Exercise aim
Using the listing below, please print exactly the lines from the one with "It all starts" through the one with "No caso das". Leave out every picture.

Data shown Block Start

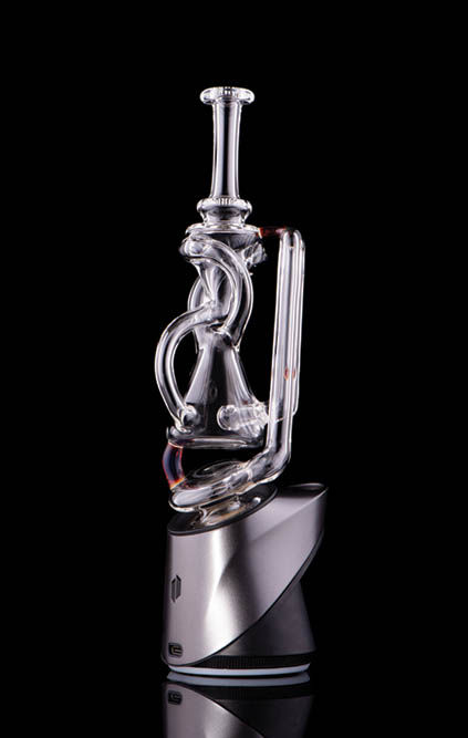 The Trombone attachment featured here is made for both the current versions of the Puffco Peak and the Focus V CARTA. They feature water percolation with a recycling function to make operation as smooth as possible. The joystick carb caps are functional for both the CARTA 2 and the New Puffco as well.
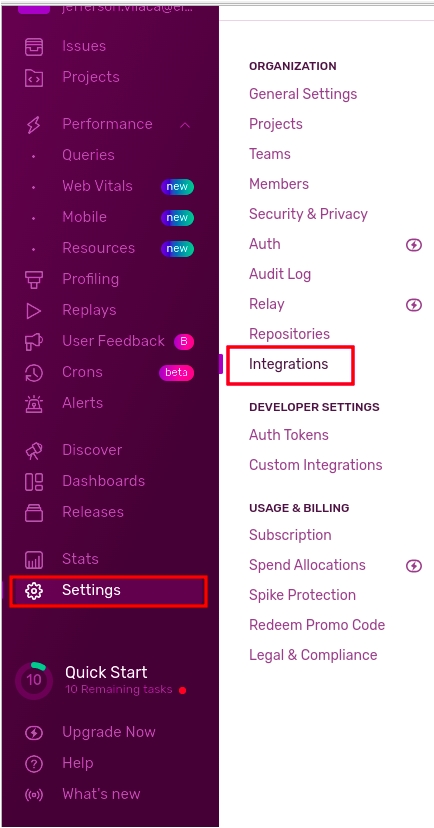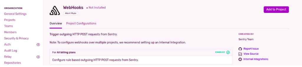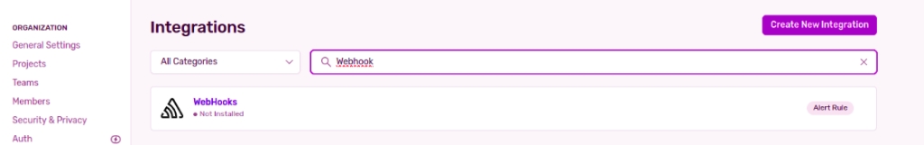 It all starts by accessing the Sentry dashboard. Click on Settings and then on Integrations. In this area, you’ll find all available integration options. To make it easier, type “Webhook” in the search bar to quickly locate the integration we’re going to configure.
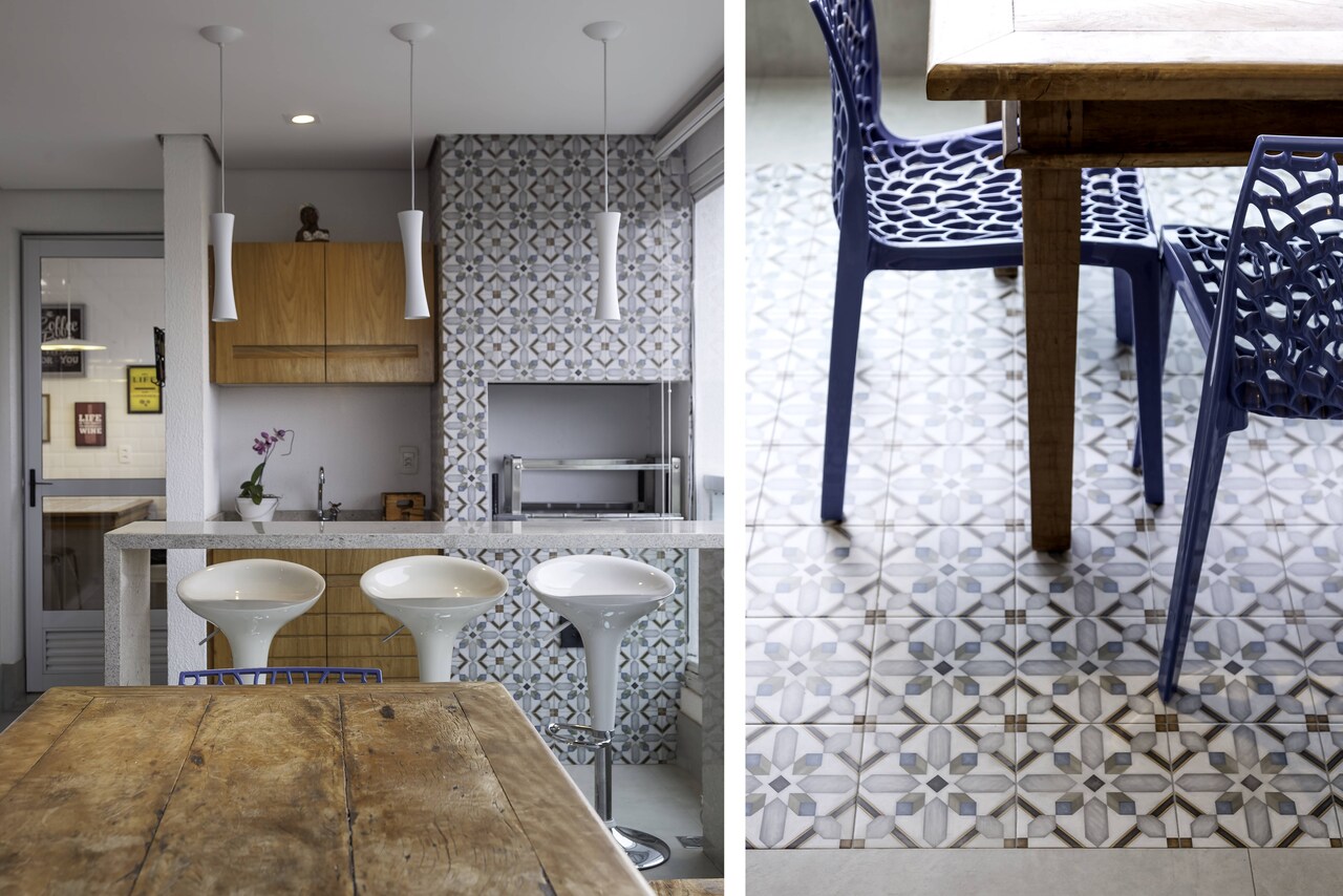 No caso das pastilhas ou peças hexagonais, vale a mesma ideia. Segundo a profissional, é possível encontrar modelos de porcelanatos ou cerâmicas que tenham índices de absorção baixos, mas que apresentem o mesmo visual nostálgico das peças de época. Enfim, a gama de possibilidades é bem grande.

Data shown Block End
Data shown Block Start

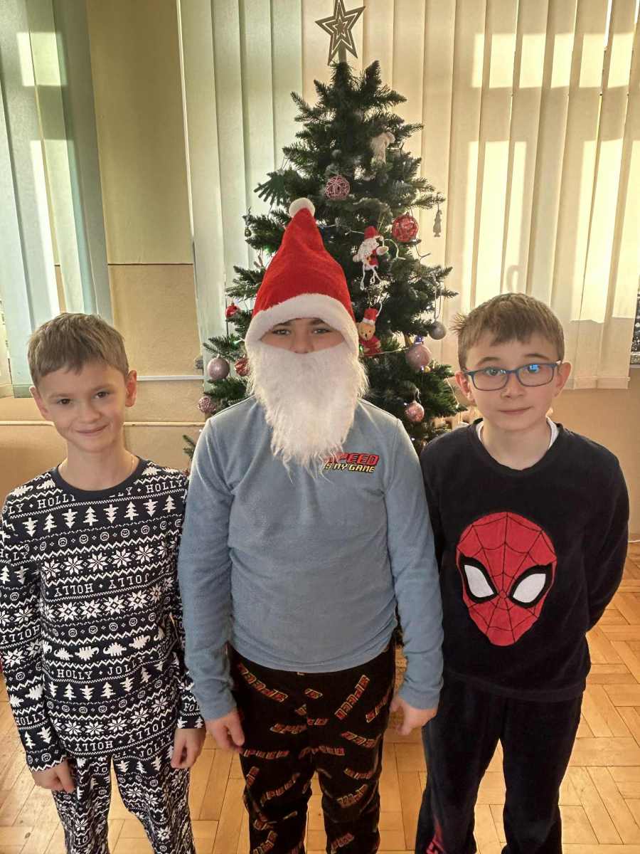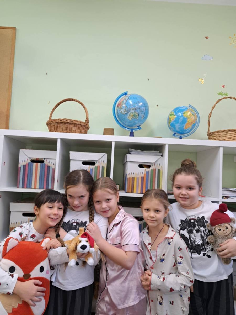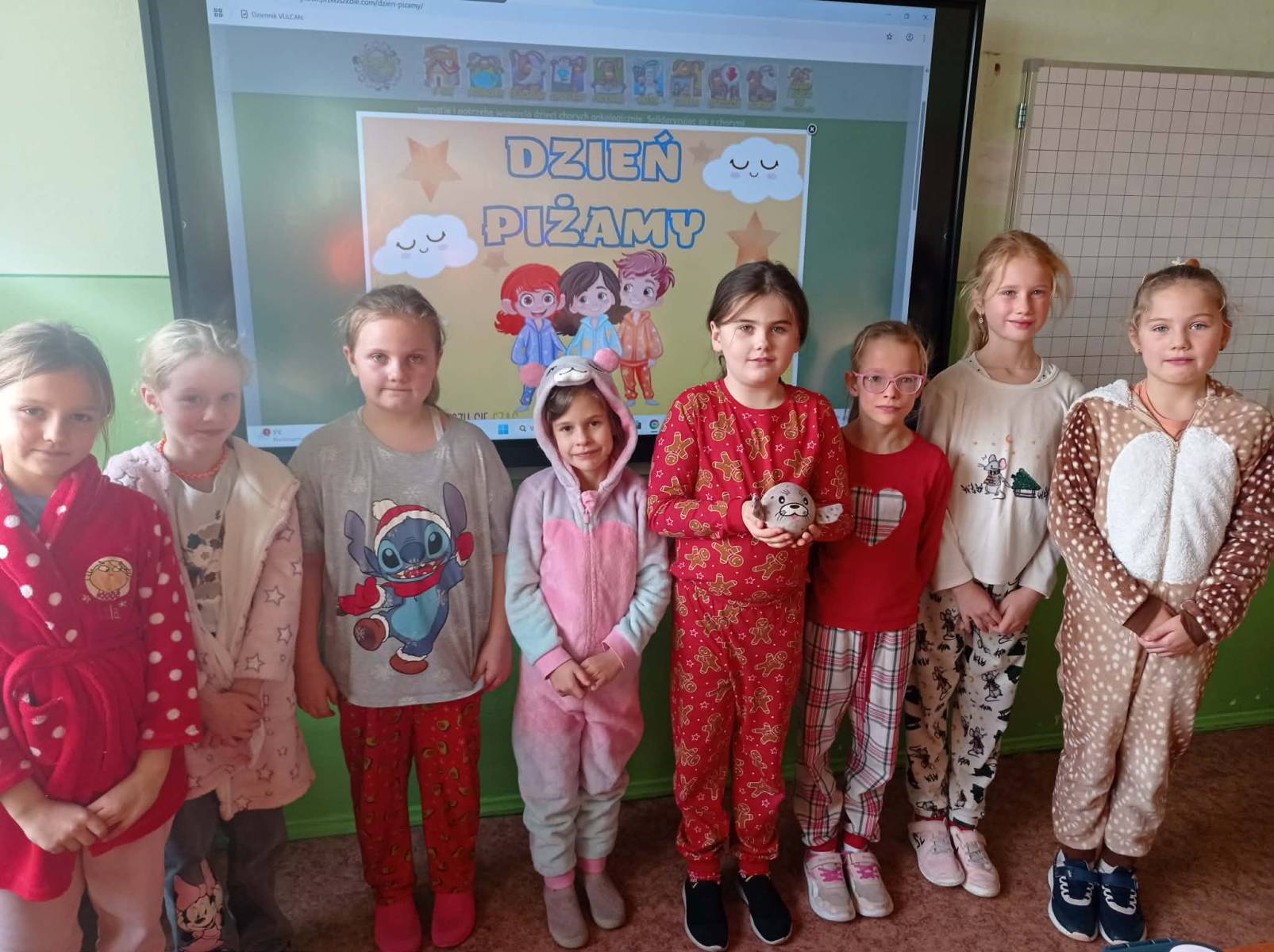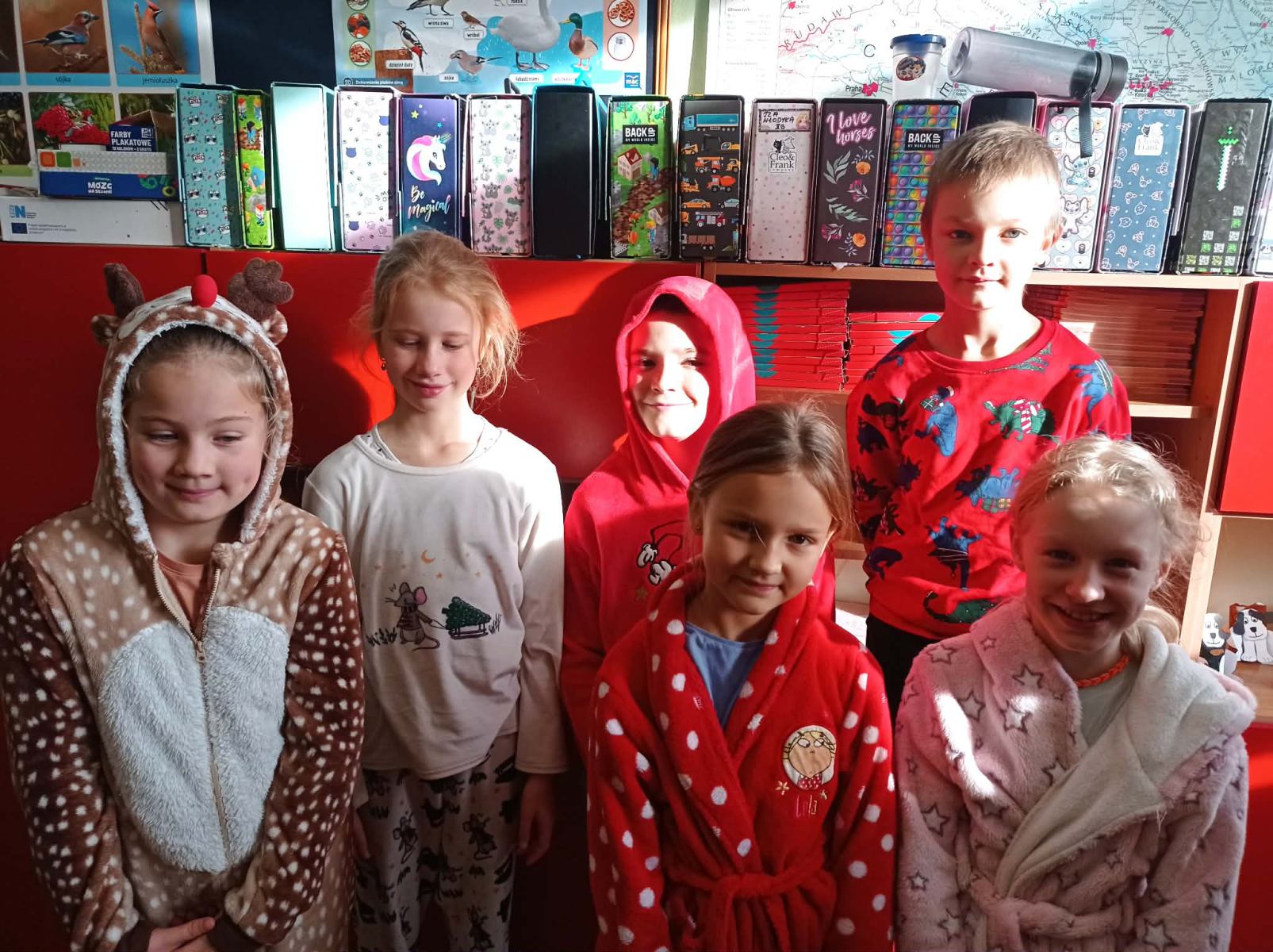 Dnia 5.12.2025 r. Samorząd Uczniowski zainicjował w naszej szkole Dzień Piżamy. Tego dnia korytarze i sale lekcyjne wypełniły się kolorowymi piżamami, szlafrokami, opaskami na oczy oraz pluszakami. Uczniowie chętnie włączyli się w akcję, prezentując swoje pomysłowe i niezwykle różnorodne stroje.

Data shown Block End

Solution for this problem
 It all starts by accessing the Sentry dashboard. Click on Settings and then on Integrations. In this area, you’ll find all available integration options. To make it easier, type “Webhook” in the search bar to quickly locate the integration we’re going to configure.
 No caso das pastilhas ou peças hexagonais, vale a mesma ideia. Segundo a profissional, é possível encontrar modelos de porcelanatos ou cerâmicas que tenham índices de absorção baixos, mas que apresentem o mesmo visual nostálgico das peças de época. Enfim, a gama de possibilidades é bem grande.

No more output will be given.